§ Input data

+--

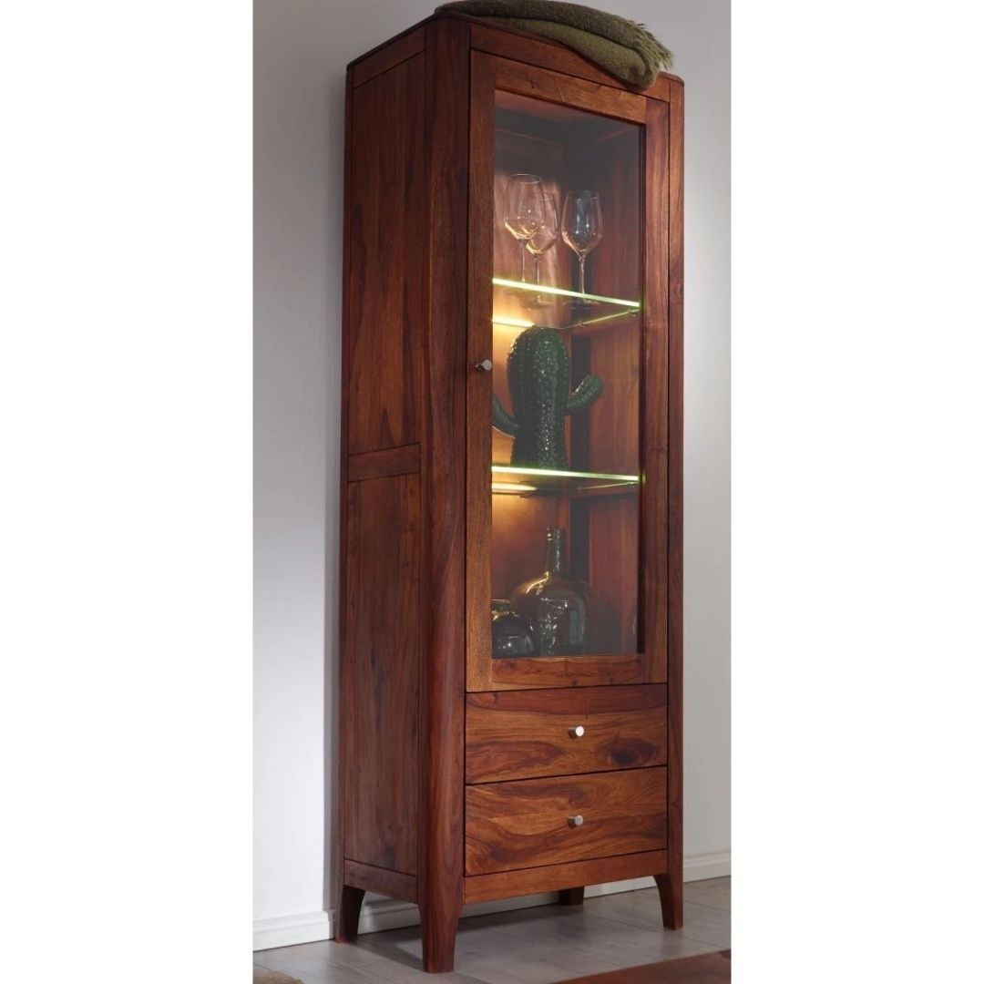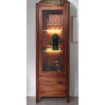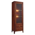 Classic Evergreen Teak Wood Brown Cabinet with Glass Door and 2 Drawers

+--

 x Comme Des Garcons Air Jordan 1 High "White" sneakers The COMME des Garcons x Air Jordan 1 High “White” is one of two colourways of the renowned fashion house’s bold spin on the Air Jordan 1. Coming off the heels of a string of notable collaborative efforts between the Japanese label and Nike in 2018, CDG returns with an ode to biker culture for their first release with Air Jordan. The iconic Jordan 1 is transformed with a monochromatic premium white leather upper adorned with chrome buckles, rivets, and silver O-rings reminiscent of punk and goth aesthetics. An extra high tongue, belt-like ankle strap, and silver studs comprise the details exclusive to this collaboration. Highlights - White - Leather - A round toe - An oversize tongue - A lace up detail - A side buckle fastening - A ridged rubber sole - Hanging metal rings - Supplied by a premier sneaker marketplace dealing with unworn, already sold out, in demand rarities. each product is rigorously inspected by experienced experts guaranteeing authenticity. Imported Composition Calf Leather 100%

+--

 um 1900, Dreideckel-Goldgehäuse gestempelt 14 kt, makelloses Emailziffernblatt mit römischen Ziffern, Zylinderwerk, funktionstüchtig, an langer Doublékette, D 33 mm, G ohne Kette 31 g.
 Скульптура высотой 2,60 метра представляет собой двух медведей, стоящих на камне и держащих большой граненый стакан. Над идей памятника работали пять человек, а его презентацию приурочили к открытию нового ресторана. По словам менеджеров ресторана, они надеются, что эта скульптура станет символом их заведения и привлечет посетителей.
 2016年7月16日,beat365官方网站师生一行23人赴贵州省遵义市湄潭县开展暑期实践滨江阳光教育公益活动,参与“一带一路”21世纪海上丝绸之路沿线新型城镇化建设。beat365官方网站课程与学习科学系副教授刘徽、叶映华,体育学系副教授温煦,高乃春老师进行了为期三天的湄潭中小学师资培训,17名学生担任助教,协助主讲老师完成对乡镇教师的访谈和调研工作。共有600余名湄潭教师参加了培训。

+--

§ Work to complete
Where the line holding "um 1900, Dreideckel-Goldgehäuse" appears in the listing above, start reproducing exactly, and end with the line holding "2016年7月16日,bea".

§ Answer to this exercise
 um 1900, Dreideckel-Goldgehäuse gestempelt 14 kt, makelloses Emailziffernblatt mit römischen Ziffern, Zylinderwerk, funktionstüchtig, an langer Doublékette, D 33 mm, G ohne Kette 31 g.
 Скульптура высотой 2,60 метра представляет собой двух медведей, стоящих на камне и держащих большой граненый стакан. Над идей памятника работали пять человек, а его презентацию приурочили к открытию нового ресторана. По словам менеджеров ресторана, они надеются, что эта скульптура станет символом их заведения и привлечет посетителей.
 2016年7月16日,beat365官方网站师生一行23人赴贵州省遵义市湄潭县开展暑期实践滨江阳光教育公益活动,参与“一带一路”21世纪海上丝绸之路沿线新型城镇化建设。beat365官方网站课程与学习科学系副教授刘徽、叶映华,体育学系副教授温煦,高乃春老师进行了为期三天的湄潭中小学师资培训,17名学生担任助教,协助主讲老师完成对乡镇教师的访谈和调研工作。共有600余名湄潭教师参加了培训。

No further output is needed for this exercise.